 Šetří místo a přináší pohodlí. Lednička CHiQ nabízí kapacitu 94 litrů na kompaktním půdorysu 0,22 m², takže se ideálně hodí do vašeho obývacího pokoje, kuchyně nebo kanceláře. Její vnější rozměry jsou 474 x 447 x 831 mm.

...

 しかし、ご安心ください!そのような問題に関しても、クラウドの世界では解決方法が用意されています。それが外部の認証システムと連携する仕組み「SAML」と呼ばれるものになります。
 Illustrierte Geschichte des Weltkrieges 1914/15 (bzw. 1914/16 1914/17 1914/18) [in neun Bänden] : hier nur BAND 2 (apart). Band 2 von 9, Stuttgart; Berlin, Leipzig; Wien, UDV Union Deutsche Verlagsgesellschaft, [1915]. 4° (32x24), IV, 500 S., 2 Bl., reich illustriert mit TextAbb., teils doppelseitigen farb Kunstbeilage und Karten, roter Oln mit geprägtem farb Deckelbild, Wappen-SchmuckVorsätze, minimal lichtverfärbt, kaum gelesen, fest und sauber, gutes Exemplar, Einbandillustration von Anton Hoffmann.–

...

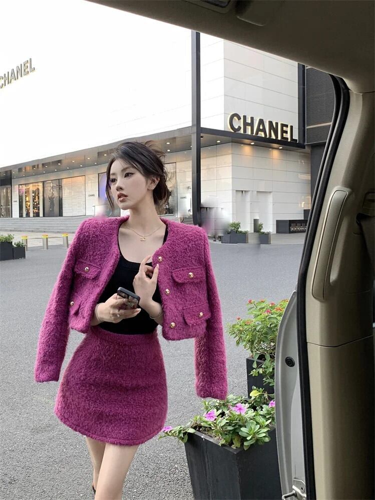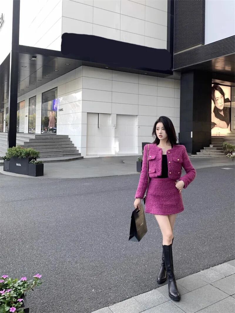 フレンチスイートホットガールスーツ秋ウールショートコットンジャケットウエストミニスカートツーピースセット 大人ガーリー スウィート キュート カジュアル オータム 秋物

• About this exercise: One stretch of the lines above is wanted, from the line that contains "しかし、ご安心ください!その" through the line that contains "Illustrierte Geschichte des". Output it exactly.

• Solved problem:
 しかし、ご安心ください!そのような問題に関しても、クラウドの世界では解決方法が用意されています。それが外部の認証システムと連携する仕組み「SAML」と呼ばれるものになります。
 Illustrierte Geschichte des Weltkrieges 1914/15 (bzw. 1914/16 1914/17 1914/18) [in neun Bänden] : hier nur BAND 2 (apart). Band 2 von 9, Stuttgart; Berlin, Leipzig; Wien, UDV Union Deutsche Verlagsgesellschaft, [1915]. 4° (32x24), IV, 500 S., 2 Bl., reich illustriert mit TextAbb., teils doppelseitigen farb Kunstbeilage und Karten, roter Oln mit geprägtem farb Deckelbild, Wappen-SchmuckVorsätze, minimal lichtverfärbt, kaum gelesen, fest und sauber, gutes Exemplar, Einbandillustration von Anton Hoffmann.–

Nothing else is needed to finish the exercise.